Cannot extract image from pptx, docx

Open amikai opened this issue 5 months ago • 4 comments

go-fitz version: v1.24.15 file:

Code

package main

import (
	"fmt"
	"image/jpeg"
	"os"

	"github.com/gen2brain/go-fitz"
)

func main() {
	doc, err := fitz.New("example.docx")
	if err != nil {
		panic(err)
	}
	defer doc.Close()

	// Extract pages as images
	img, err := doc.Image(0)
	if err != nil {
		panic(err)
	}

	f, err := os.Create("example.jpg")
	if err != nil {
		panic(err)
	}

	err = jpeg.Encode(f, img, &jpeg.Options{jpeg.DefaultQuality})
	if err != nil {
		panic(err)
	}

	f.Close()
}

Stdout output:

warning: dropping unclosed output

The output image will be a blank jpg: example.jpg

Jul 01 '25 00:07 amikai

I misunderstood; I thought go-fitz could extract images from a document. Close it.

Jul 01 '25 00:07 amikai

@amikai Yes, that is precisely what is possible; it's stated in the README. For broken files, you probably need a later version (I recall a changelog mentioning this).

Jul 01 '25 03:07 gen2brain

@gen2brain Do you mean I can extract images from .docx, .xlsx, and .pptx files using go-fitz?
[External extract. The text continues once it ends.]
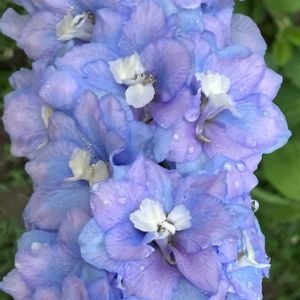 デルフィニウム 花言葉(青) あなたを幸せにします 涼しげに咲いています💜🩵🤍✨ 今、車の温度計は🌡️ 34℃と表示しています❗️🥵 あなたも暑さに負けないでね❣️🤗💕💕

In my case, I created the file using Microsoft Word on a Mac. I just want to understand why these files are broken.

Jul 01 '25 07:07 amikai

Yes, you do not extract embedded images if that is what you think. It will render the documents, and you can export page by page as an image. I have no idea why or what is broken; this is a wrapper for MuPDF, and I don't know the internals. It may have already been solved, and you can try using an external library (with a newer version). Anyway, the fix will not happen in this repo, I update bundled libraries from time to time.

Jul 01 '25 08:07 gen2brain